However, I'm feeling increasingly anxious these past few days, but that might be because, ah, I live in interesting times and not because of the decrease in meds. Must stay off the blogs. Bad for the blood pressure.
I finally got the Christmas lights up on Monday by deciding to do it before work instead of trying to pry myself out of bed on a Saturday or doing it after work, when it's totally dark. Hanging lights for me is a piece of cake, because my roofline is totally horizontal, the house is only one story, and a previous owner put little hooks under the eaves. All I have to do is drag out the three-foot stepladder, stick the wire into a few hooks, climb down the ladder, move it a few feet, rinse and repeat.
As for the interior decorations, I only managed to get them up on Saturday because my mom dropped by to return the DVDs I'd left at her house over Thanksgiving. She helped me decorate the trees. (I have four, ranging from 4 feet to 18 inches, which I arrange in a little grove next to the TV.) I can get motivated to do things sometimes when someone is there to act as a catalyst; otherwise, I veg out on the couch and watch all the channels at once. OK, in sequence by flipping around and around, but you know what I mean.
An inversion has hunkered down in the valley and the haze is settling in. It's at the stage where you can see the haze against the mountains and on the horizon, especially when the sun sets or rises. It turns pale pink in the morning and I assume it's more orange in the evening, but I'm always still at work when the sun sets anymore.
Work is slow. I have several projects going on, but there are only little ticky-tacky things to do with them, all of which depend on input from some very overstressed engineers who are trying very hard to keep all of their own ticky-tacky little jobs straight. Someone told me this morning that she hasn't forgotten about the stuff she was supposed to give me, it's just that there are always so many fires to put out.

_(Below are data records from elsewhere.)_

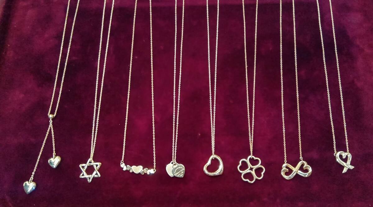 TIFFANY&Co. SV925 ネックレス 8種 全て未使用で一度も着けた事はないのですが保存時にできた小傷等はあります。 (ジュエリーケースにそのまま裸で収納してましたので・・・) SV925ですのでシルバークリーナー等でキレイになると思います。 ・スターオブダビデ ・オープンハート ・ラビングハート ・ダブルラビングハート ・クローバーハート ・ダブルドロップハート ・モダンハート ・リターントゥ ダブルハート かなり昔に購入した商品なので入手困難な物もあると思います。 付属品ナシ (ポーチ1つだけお付けします) | |||
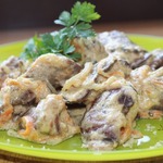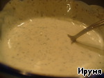 В оригинале рецепта предлагалось смешать 2 ст. л. сметаны и 2-3 ст. л. майонеза... Можно сделать так... Но я майонез не запекаю. Поэтому я смешала 3 ст. л. сметаны с 1 ст. л. сливок 22% и приправила немного горчицей и несколькими каплями лимонного уксуса, посолила, поперчила, добавила пропущенный через пресс чеснок и сушеные укроп и петрушку. Хорошо перемешала. Если нет сливок, можно использовать только сметану. Уксус у меня самодельный - http://www.povarenok .ru/recipes/show/440 66/, если бы его не было, добавила бы пару капель столового уксуса + пару капель лимонного сока. -
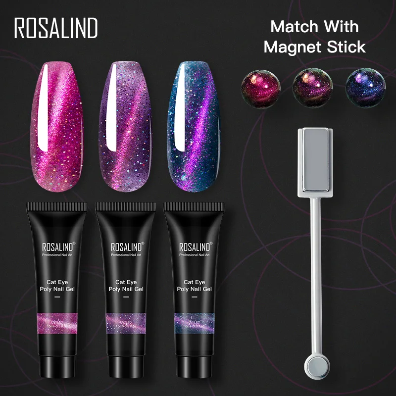 Полигель для ногтей ROSALIND, 15 мл, кошачий глаз, 3 модных цвета, быстрое наращивание, макияж, косметика, УФ
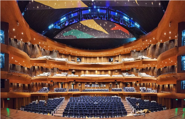 为了能让观众提前进入观演情境,设计师在大厅也做了隔音处理;剧场内马蹄形的结构让观众的观演感受更为贴近舞台,即使在三层,也不会觉得太过遥远;独特的可升降反声版和有开合功能的乐池设计能为各类声乐、器乐演出提供一流的声场效果;座椅后方的字幕显示屏可提供9种不同语言的字幕切换,这一技术更是和维也纳国家歌剧院等国际级的歌剧院同步。 毫无疑问,上音歌剧院将成为亚洲一流、世界领先的,集学科建设、文艺演出、艺术普及、原创基地、国际交流为一体的文化综合体。
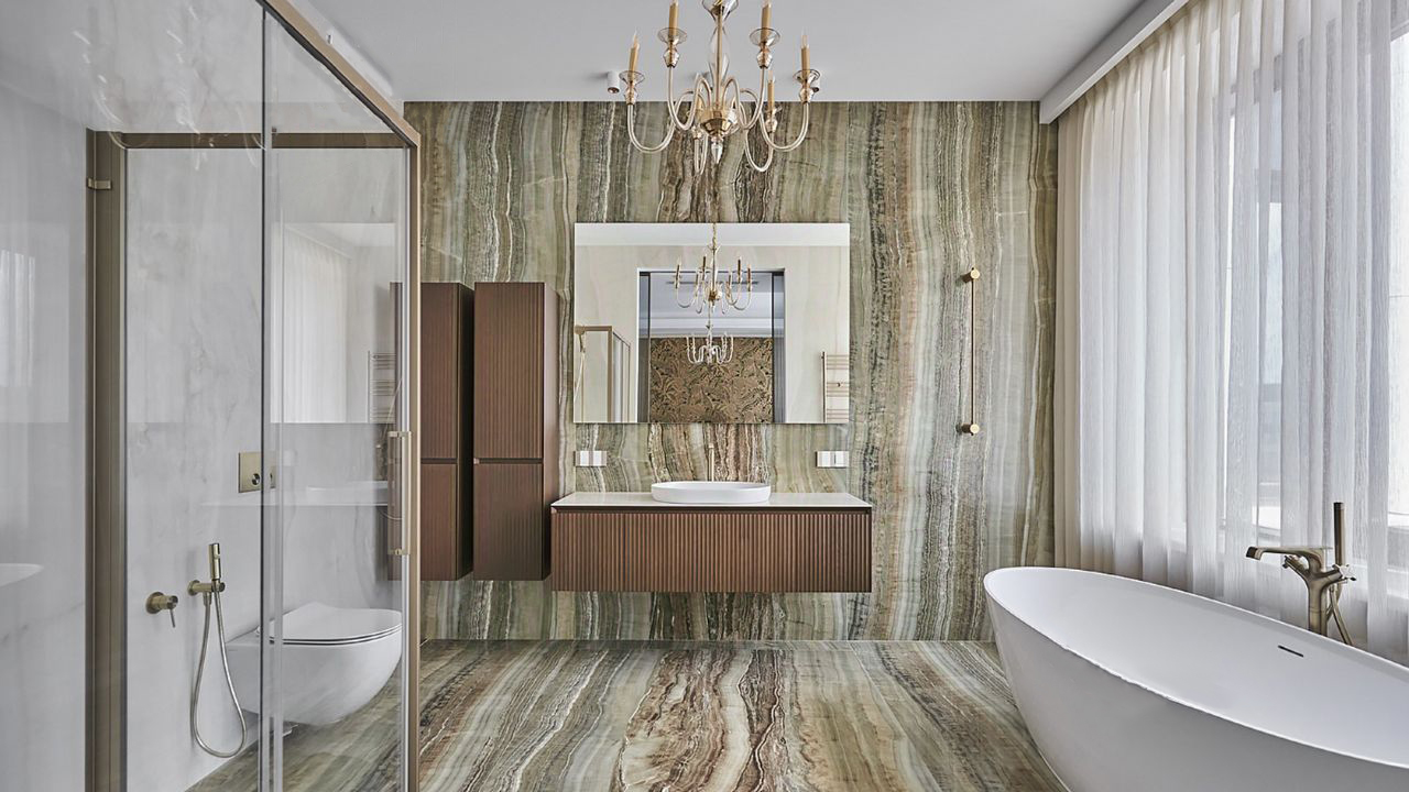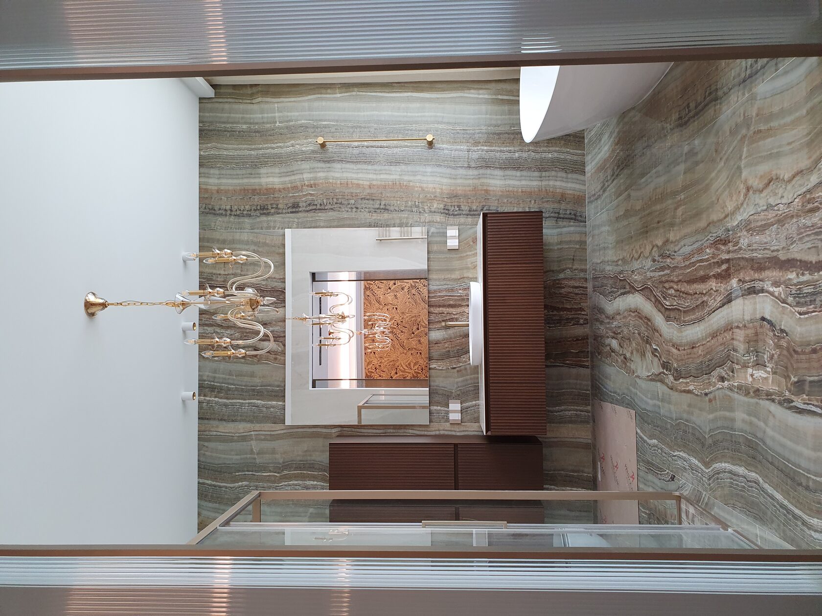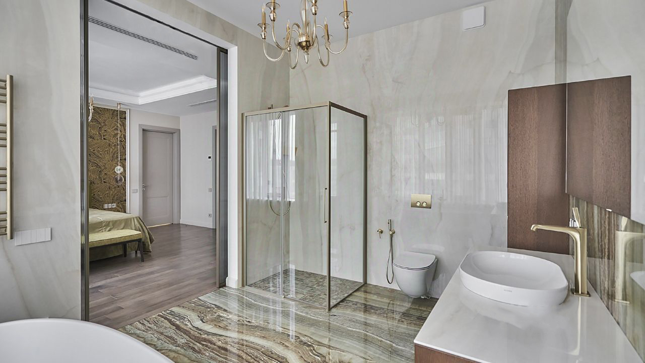 Концепция: В основе концепции лежит стремление к созданию максимально функционального и визуально расширенного пространства. Раздвижные двери из рифленого стекла от пола до потолка выбраны как идеальное решение для избежания визуального загромождения и сохранения беспрепятственного светового потока между комнатами. Они обеспечивают четкое физическое и визуальное разделение «влажной» и «сухой» зон, при этом поддерживая ощущение единого объема. Рифленое стекло, пропускающее до 80% света, создает мягкое, рассеянное освещение, придает интерьеру глубину и текстуру, а также гарантирует деликатную приватность. Подвесная беспороговая система монтажа подчеркивает чистоту линий и безопасность. Дополнительные акценты, такие как strategically расположенное зеркало, закарнизная подсветка и изящные металлические ручки, усиливают общую эстетику и функциональность.

Criminey, I'd hate to supervise this lot. I doubt it's any different from any other large company. We've got three flavors of engineers (mechanical, electrical, software), all of whom know what they're doing, but getting them all on the same page in some kind of order must make herding cats seem like a close-formation military drill. Lucky for me, I'm just a writer in this rock-and-roll band (as another tech writer is fond of saying) and a contractor to boot, so I don't have to deal with anything that's not right in front of me.